__Stored data entries__.
■ ■ ■ ■ ■

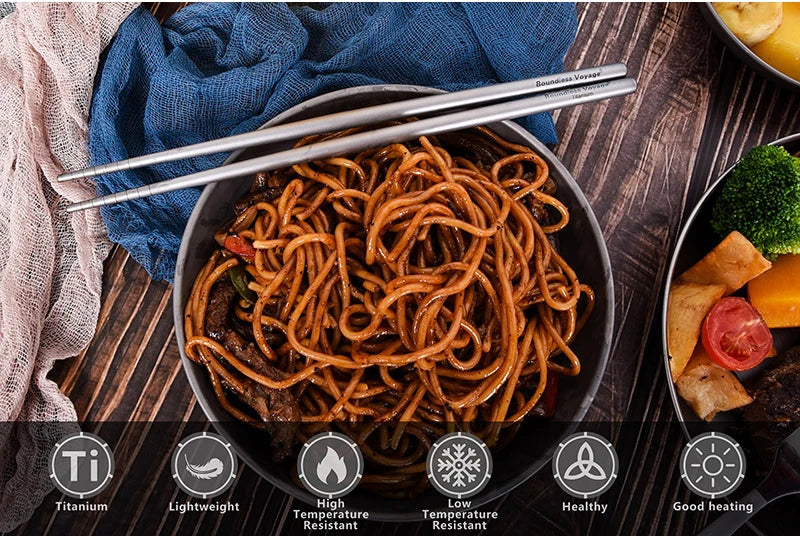 Boundless Voyage Titanium Chinese Chopsticks Ultralight Non Slip Food Square
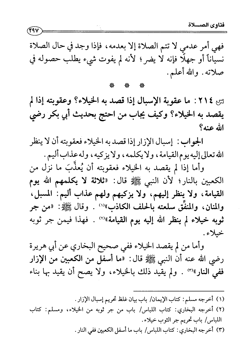 س214: ما عقوبة الإسبال إذ قصد به الخيلاء؟ وعقوبته إذا لم يقصد به الخيلاء؟ وكيف يجاب من احتج بحديث أبي بكر رضي الله عنه؟
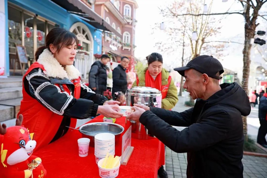 此外,白鹿镇新时代文明实践所联合鹿长服务站也为外来游客、当地居民、入驻商家等提供了暖心服务,如免费热水、暖心雨伞等。每天早上9点至10点还开展吃汤圆、品白茶、送祝福等活动,让游客和当地居民共同感受喜庆祥和的新春氛围。
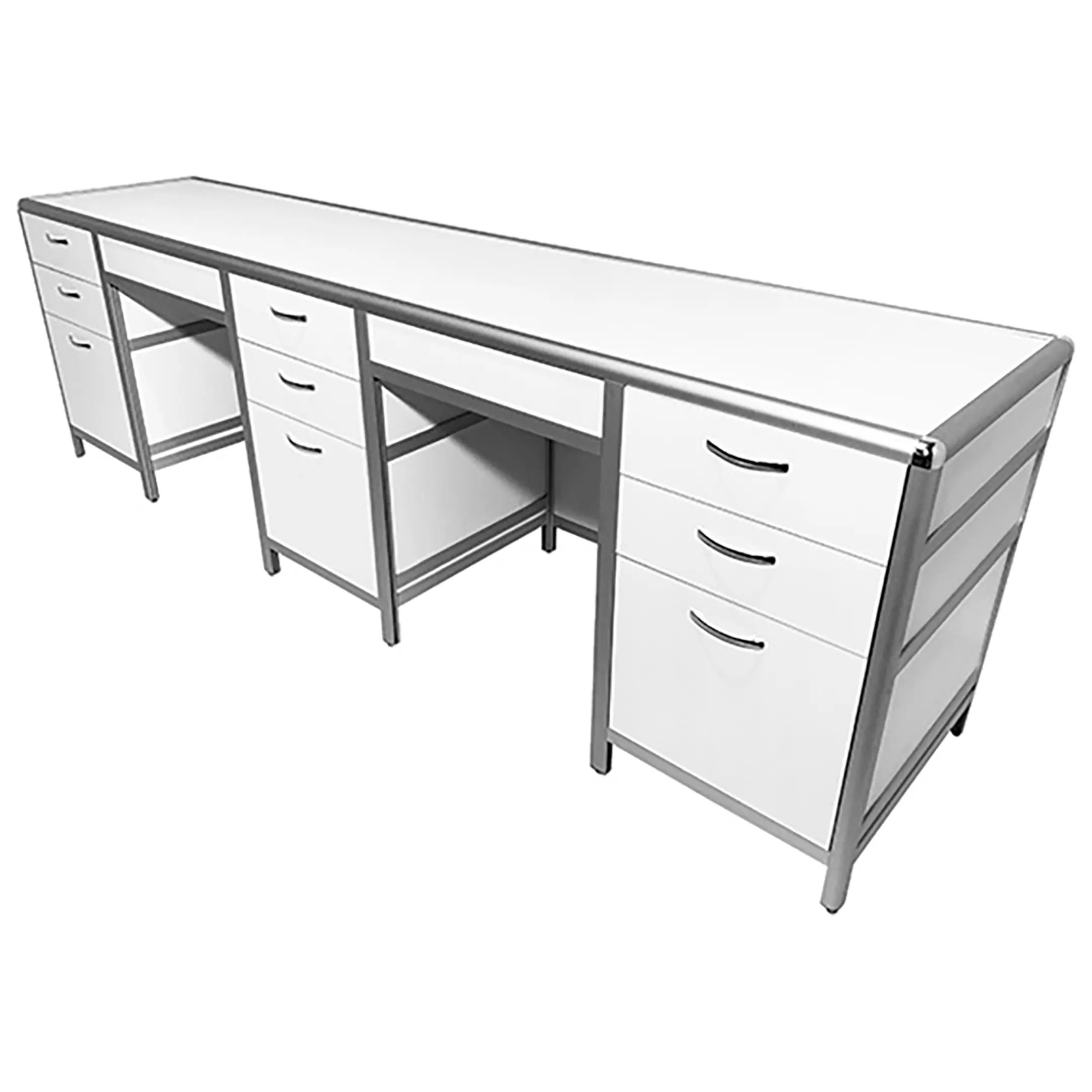 Стол лабораторный MED 10.013al (белый) — это идеальное решение для обустройства рабочего места сотрудников в лабораториях и медицинских учреждениях. Модель оснащена тремя тумбами, каждая с тремя выдвижными ящиками, обеспечивая обширное пространство для хранения. Каркас выполнен из алюминиевого профиля, столешница из ЛДСП толщиной 22 мм.
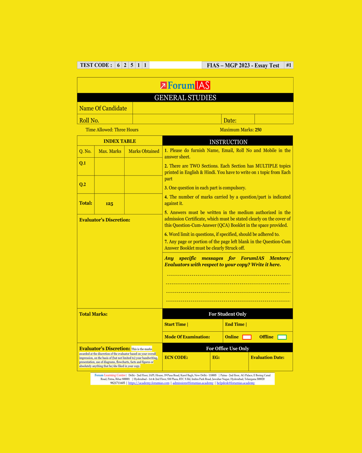 / FORUM IAS MGP 2023 COHORT 1 QCA ESSAY TEST-1 TEST-2 QUESTION-CUM ANSWERS BOOKLETS (QCA) (BLACK & WHITE) GROUPED
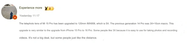 Laut dem Weibo-Blogger @体验more hat das mit Spannung erwartete Xiaomi 15 Pro ein ernsthaftes Upgrade in Sachen Teleskopie erhalten, indem der 120-mm-Sony-IMX858-Sensor mit 5fach optischem Zoom eingebaut wurde. Das war ein ziemlicher Sprung gegenüber dem vorherigen Xiaomi 14 Pro mit seinem 3fachen optischen Zoom in Kombination mit einem 10 cm Makroobjektiv. Der neuere Sensor des Xiaomi 15 Pro bietet eine bessere Zoomfunktion und damit eine bessere Erfahrung beim Fotografieren.
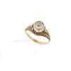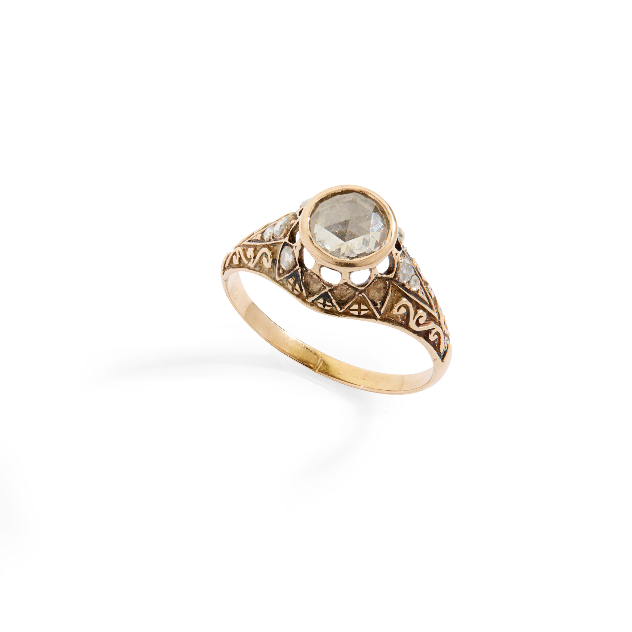 Collet-set with a rose-cut diamond in a raised setting set with smaller rose-cut diamonds, scrolling details to the shoulders, plain band, unmarked
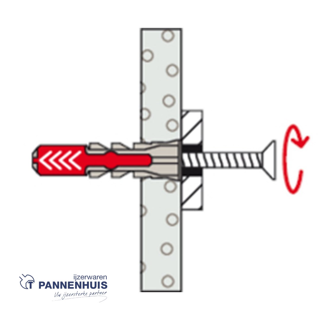De fischer DuoPower heeft een zeer hoge bevestigingswaarde door de 2 componenten: De grijze component van kwalitatief hoogwaardig nylon activeert, afhankelijk van het bouwmateriaal, automatische het optimale werkingsprincipe (spreiden, tikken, knopen) voor het optimaal houvast. De expansievleugels van de rode component ondersteunen de betrouwbare spreiding en biedt extra veiligheid voor de grijze component. De schroef gewoon indraaien en tot slot goed aantrekken. De schroef niet de vast aandraaien. De bij de kop aangebrachte rand voorkomt, dat de plug in het boorgat glijdt. De meegeleverde schroeven zijn exact op de fischer spreidplug DuoPower afgestemd.
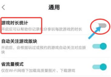4、点击通用里的“游戏时长统计”的开关按钮
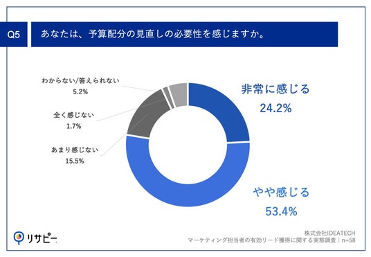 Q2で「わからない/答えられない」以外を回答した方に、「Q5.あなたは、予算配分の見直しの必要性を感じますか。」(n=58)と質問したところ、「非常に感じる」が24.2%、「やや感じる」が53.4%という回答となりました。
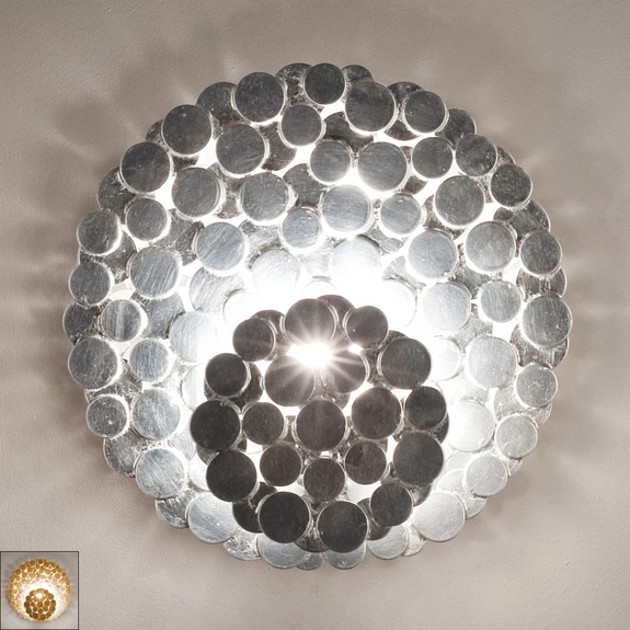 Eine exklusive Impression in Gold oder Silber entsteht durch Wandleuchte Tresor nach Designer-Entwurf von Jean-François Crochet. Feine Metall-Pailletten sind sowohl bei der Wandhalterung als auch für die davor liegende Blende verlötet worden und zu runden Metallscheiben geformt. Zwischen Wandhalterung und Blende liegt das Leuchtmittel. Es strahlt das Licht gegen die Metall-Halterung und erzeugt darauf herrliche Lichtreflexe. Bei Draufblick bleibt das Leuchtmittel verborgen. Die edle Designer-Leuchte eignet sich als hochwertiges Leuchtenaccessoire im stilvollen Ambiente.
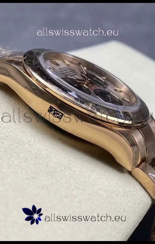 18K Rose Gold Plating on 904 Solid Stainless Case with Rolex Markings and Engravings like the Authentic.
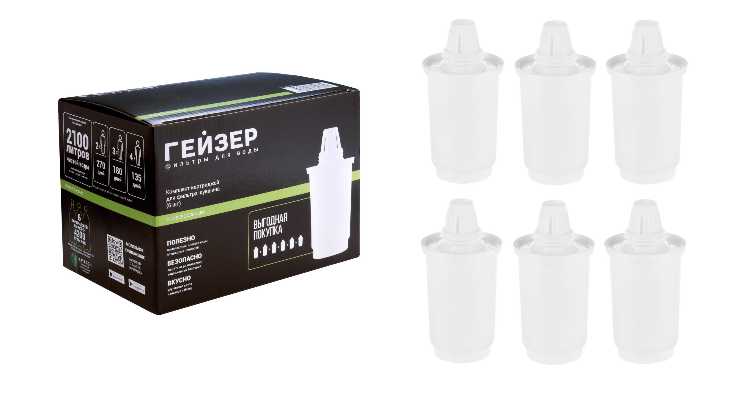 Комплект картриджей ГЕЙЗЕР «Универсальный 6 штук» станет выгодной покупкой и обеспечит запас фильтрующих элементов для непрерывной очистки мягкой воды на длительное время.
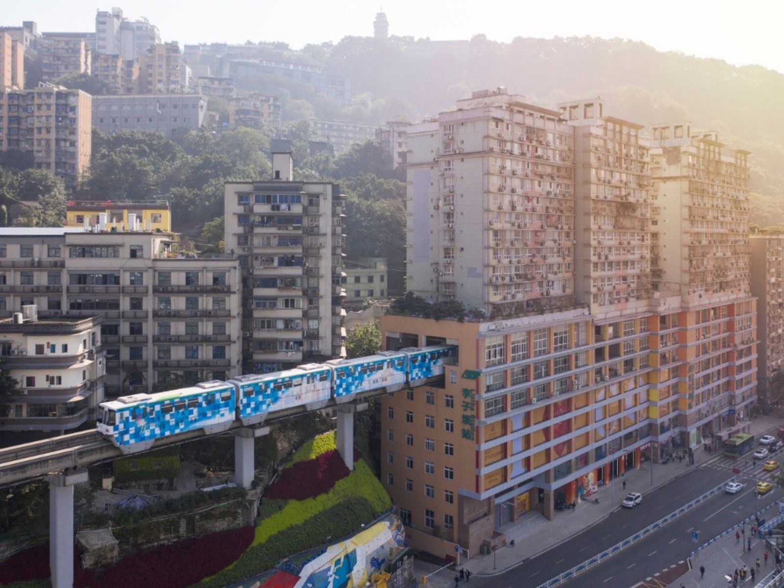 - одну из многочисленных смотровых площадок, откуда открываются потрясающие панорамные виды на мегаполис. Вас впечатлит инновационная архитектура Чунцина с небоскребами, вырастающими из горных склонов и каскадом спускающимися вниз. Благодаря изобретательности градостроителей эта застройка вполне гармонично интегрирована в природный ландшафт.
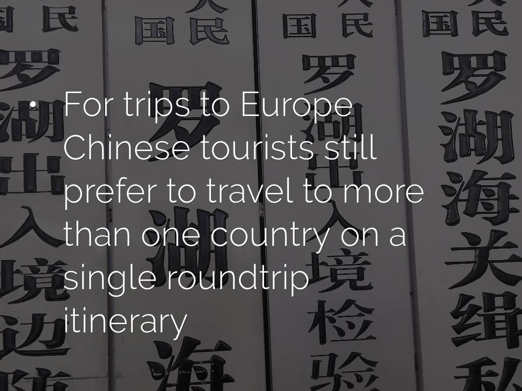 - For trips to Europe Chinese tourists still prefer to travel to more than one country on a single roundtrip
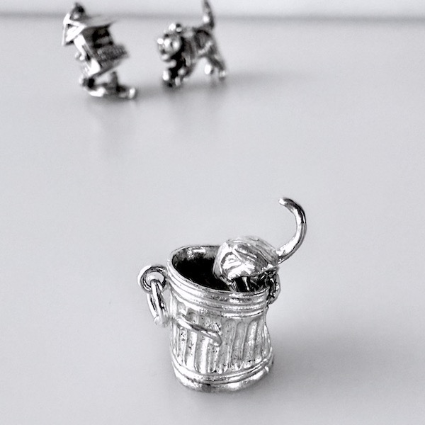 バケツを覗く猫のシルバーチャーム

■ ■ ■ ■ ■

__To do__. Restate the entries word for word, though any image they contain should not appear.

__Output of the exercise__.
 Boundless Voyage Titanium Chinese Chopsticks Ultralight Non Slip Food Square
 س214: ما عقوبة الإسبال إذ قصد به الخيلاء؟ وعقوبته إذا لم يقصد به الخيلاء؟ وكيف يجاب من احتج بحديث أبي بكر رضي الله عنه؟
 此外,白鹿镇新时代文明实践所联合鹿长服务站也为外来游客、当地居民、入驻商家等提供了暖心服务,如免费热水、暖心雨伞等。每天早上9点至10点还开展吃汤圆、品白茶、送祝福等活动,让游客和当地居民共同感受喜庆祥和的新春氛围。
 Стол лабораторный MED 10.013al (белый) — это идеальное решение для обустройства рабочего места сотрудников в лабораториях и медицинских учреждениях. Модель оснащена тремя тумбами, каждая с тремя выдвижными ящиками, обеспечивая обширное пространство для хранения. Каркас выполнен из алюминиевого профиля, столешница из ЛДСП толщиной 22 мм.
 / FORUM IAS MGP 2023 COHORT 1 QCA ESSAY TEST-1 TEST-2 QUESTION-CUM ANSWERS BOOKLETS (QCA) (BLACK & WHITE) GROUPED
 Laut dem Weibo-Blogger @体验more hat das mit Spannung erwartete Xiaomi 15 Pro ein ernsthaftes Upgrade in Sachen Teleskopie erhalten, indem der 120-mm-Sony-IMX858-Sensor mit 5fach optischem Zoom eingebaut wurde. Das war ein ziemlicher Sprung gegenüber dem vorherigen Xiaomi 14 Pro mit seinem 3fachen optischen Zoom in Kombination mit einem 10 cm Makroobjektiv. Der neuere Sensor des Xiaomi 15 Pro bietet eine bessere Zoomfunktion und damit eine bessere Erfahrung beim Fotografieren.
 Collet-set with a rose-cut diamond in a raised setting set with smaller rose-cut diamonds, scrolling details to the shoulders, plain band, unmarked
De fischer DuoPower heeft een zeer hoge bevestigingswaarde door de 2 componenten: De grijze component van kwalitatief hoogwaardig nylon activeert, afhankelijk van het bouwmateriaal, automatische het optimale werkingsprincipe (spreiden, tikken, knopen) voor het optimaal houvast. De expansievleugels van de rode component ondersteunen de betrouwbare spreiding en biedt extra veiligheid voor de grijze component. De schroef gewoon indraaien en tot slot goed aantrekken. De schroef niet de vast aandraaien. De bij de kop aangebrachte rand voorkomt, dat de plug in het boorgat glijdt. De meegeleverde schroeven zijn exact op de fischer spreidplug DuoPower afgestemd.
4、点击通用里的“游戏时长统计”的开关按钮
 Q2で「わからない/答えられない」以外を回答した方に、「Q5.あなたは、予算配分の見直しの必要性を感じますか。」(n=58)と質問したところ、「非常に感じる」が24.2%、「やや感じる」が53.4%という回答となりました。
 Eine exklusive Impression in Gold oder Silber entsteht durch Wandleuchte Tresor nach Designer-Entwurf von Jean-François Crochet. Feine Metall-Pailletten sind sowohl bei der Wandhalterung als auch für die davor liegende Blende verlötet worden und zu runden Metallscheiben geformt. Zwischen Wandhalterung und Blende liegt das Leuchtmittel. Es strahlt das Licht gegen die Metall-Halterung und erzeugt darauf herrliche Lichtreflexe. Bei Draufblick bleibt das Leuchtmittel verborgen. Die edle Designer-Leuchte eignet sich als hochwertiges Leuchtenaccessoire im stilvollen Ambiente.
 18K Rose Gold Plating on 904 Solid Stainless Case with Rolex Markings and Engravings like the Authentic.
 Комплект картриджей ГЕЙЗЕР «Универсальный 6 штук» станет выгодной покупкой и обеспечит запас фильтрующих элементов для непрерывной очистки мягкой воды на длительное время.
 - одну из многочисленных смотровых площадок, откуда открываются потрясающие панорамные виды на мегаполис. Вас впечатлит инновационная архитектура Чунцина с небоскребами, вырастающими из горных склонов и каскадом спускающимися вниз. Благодаря изобретательности градостроителей эта застройка вполне гармонично интегрирована в природный ландшафт.
 - For trips to Europe Chinese tourists still prefer to travel to more than one country on a single roundtrip
 バケツを覗く猫のシルバーチャーム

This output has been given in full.